### TRY IT
The line with "до легкого зарумянивания." marks the first line to copy, and the line with "完成下架后,库存组员再获取上架工单,将货物上架。" marks the last. Transcribe that stretch of the data below exactly, without pictures.

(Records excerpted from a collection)
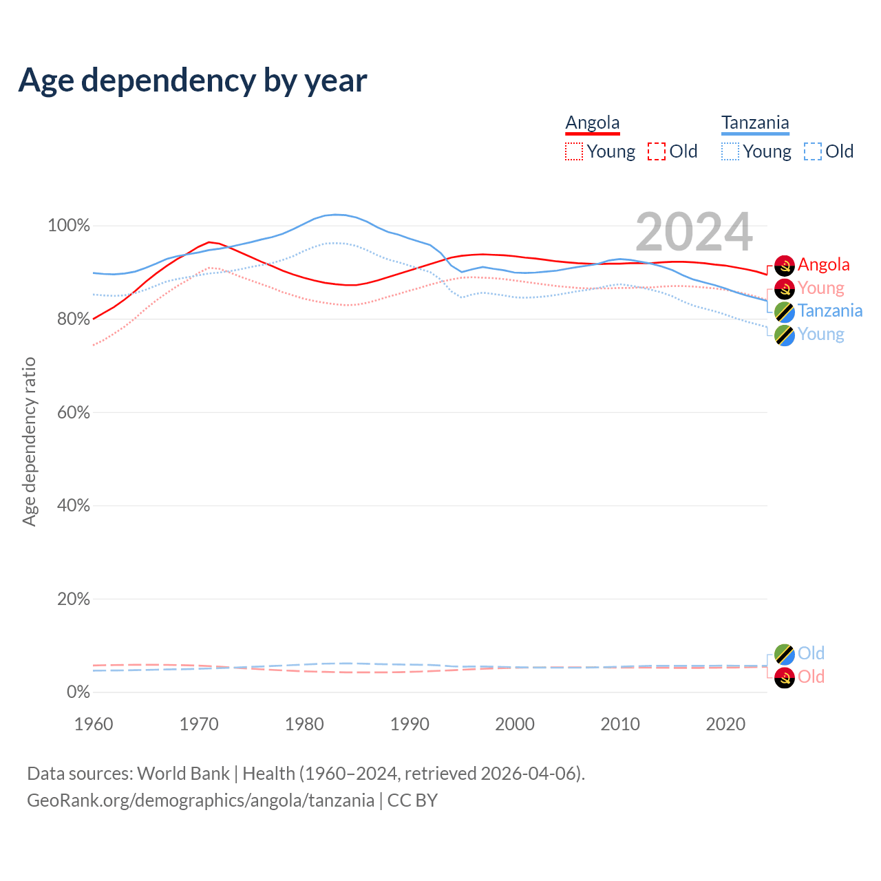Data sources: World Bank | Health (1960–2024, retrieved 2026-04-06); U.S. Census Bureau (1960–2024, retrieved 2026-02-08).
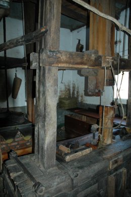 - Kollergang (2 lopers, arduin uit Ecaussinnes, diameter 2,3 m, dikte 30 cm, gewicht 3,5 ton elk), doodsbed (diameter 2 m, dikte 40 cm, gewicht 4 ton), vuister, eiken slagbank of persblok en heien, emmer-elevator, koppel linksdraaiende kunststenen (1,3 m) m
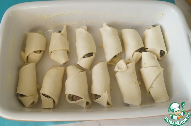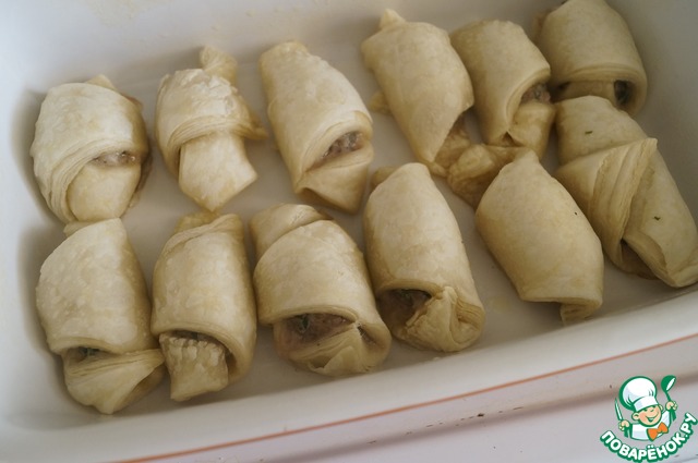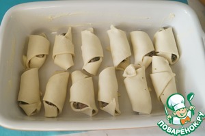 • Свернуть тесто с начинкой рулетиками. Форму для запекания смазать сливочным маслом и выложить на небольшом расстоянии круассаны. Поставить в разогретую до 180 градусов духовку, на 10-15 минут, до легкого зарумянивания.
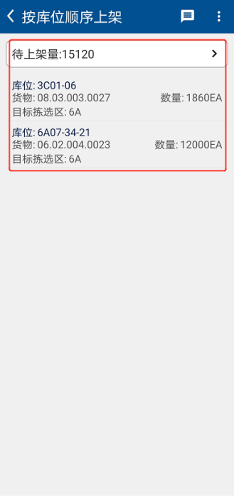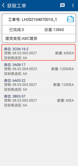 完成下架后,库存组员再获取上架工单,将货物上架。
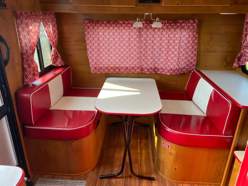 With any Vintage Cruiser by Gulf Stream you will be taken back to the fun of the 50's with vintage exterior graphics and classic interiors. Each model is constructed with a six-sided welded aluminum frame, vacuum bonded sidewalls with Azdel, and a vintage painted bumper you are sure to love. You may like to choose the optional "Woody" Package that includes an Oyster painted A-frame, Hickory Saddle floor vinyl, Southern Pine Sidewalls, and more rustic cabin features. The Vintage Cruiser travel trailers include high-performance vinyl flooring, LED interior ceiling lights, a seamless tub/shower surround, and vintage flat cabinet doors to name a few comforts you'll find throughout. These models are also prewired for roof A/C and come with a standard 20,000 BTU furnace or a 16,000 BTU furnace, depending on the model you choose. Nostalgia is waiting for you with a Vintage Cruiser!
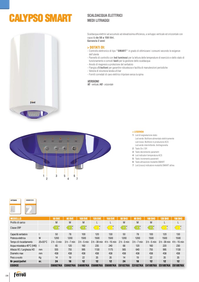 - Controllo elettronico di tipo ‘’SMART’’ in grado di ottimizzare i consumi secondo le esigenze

### THE ANSWER
 • Свернуть тесто с начинкой рулетиками. Форму для запекания смазать сливочным маслом и выложить на небольшом расстоянии круассаны. Поставить в разогретую до 180 градусов духовку, на 10-15 минут, до легкого зарумянивания.
 完成下架后,库存组员再获取上架工单,将货物上架。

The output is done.